В этом странном эпизоде была пища для размышлений. Не исключался самый плохой вариант: клиническая паранойя. Пора бы уже… Мания преследования вместо интуиции? Он возражал против такого варианта. Но и первый не радовал. Жжение в затылке усиливалось.

Олег проехал квартал. Стало лучше. Но теперь появилась злость. Не понравилось ему знакомство с городком. Он повернул направо, доехал до оврага, у которого обрывался городок.

Проезд сквозь лесополосу здесь отсутствовал. Валялись сгнившие деревья, обросшие грязью гильзы снарядов, чернели воронки. В 1941-м здесь стояла батарея, прикрывала западную окраину Никольска. Ей и досталось от немецких танкистов… Для засады это просто идеальное место!

Березин расстегнул кобуру, огляделся. Переулок был пуст. Еще только май, а уже бурьян по пояс. Он повернул направо, двинул машину по едва видневшейся из-под чертополоха грунтовке. Следом никого. Померещилось? Делать выводы было рано. Он чертыхался, что забрался в такую глушь.

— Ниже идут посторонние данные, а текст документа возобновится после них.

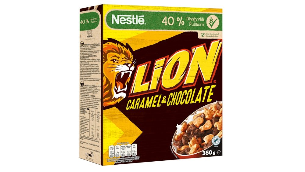 Nestlé Lion 350g suklaan ja toffeen makuisia täysjyvämuroja

Дворец был рядом, за деревьями, а попробуй доберись! Колеса месили грязь, но автомобиль оказался неплох — не застрял ни разу. Майор объехал городок, сделал остановку на северной окраине. Слежка отсутствовала. «А зачем следить, если и так понятно, куда я поеду?»

Он выехал на гравийную дорожку за чертой города и через пару минут оказался у знакомых ворот. Память — странная штука: стоило увидеть, и словно не было этих двух с половиной лет! 17 сентября 1941 года ворота были также настежь, за ними царило такое же запустение. Но в 1941-м северный парк смотрелся лучше. Он был заброшен, не ухожен, но цел. А теперь тут — как Мамай прошел: переломанные деревья, воронки от снарядов, раскуроченная лавочка повисла на толстой ветке и смотрелась весьма странно. Трупов, конечно, не было, но возникало опасение, что если углубиться в лесистую зону, то можно наткнуться на всякое…

Через пару минут он выбрался к северному парку. Здесь тоже похозяйничала война. Скульптур не осталось, возвышались одни пьедесталы да треснувшие вазоны. Северная сторона дворца тоже сильно пострадала. Купол был пробит в нескольких местах. Зияли провалы, обрушилась часть крыши, наружу торчали обугленные вертикальные балки. От позолоты не осталось и следа, слезла краска, уцелевшие стены смотрелись так, словно их усердно подвергали копчению. Разбитые фальшколонны, пилястры, осыпавшиеся козырьки над оконными проемами.

Арка в левой части здания, на удивление, сохранилась. Основание пролета было мощным — выдержало несколько артиллерийских попаданий. Вспомнилось, как сыпались на голову элементы перекрытий, когда они уходили отсюда на тех машинах…

Дугообразный купол заметно просел. Волосы шевелились, когда он проезжал под ним. Во внутреннем дворе часть пространства уже расчистили. Олег узнавал предметы антуража, испытывал при этом странное чувство. Крыльцо сохранилось, напротив него стояла грузовая машина с отброшенным бортом. Знакомые атланты подпирали бельэтаж, но шеренга скульптур понесла потери. А те, что выжили, смотрелись, мягко говоря, не празднично.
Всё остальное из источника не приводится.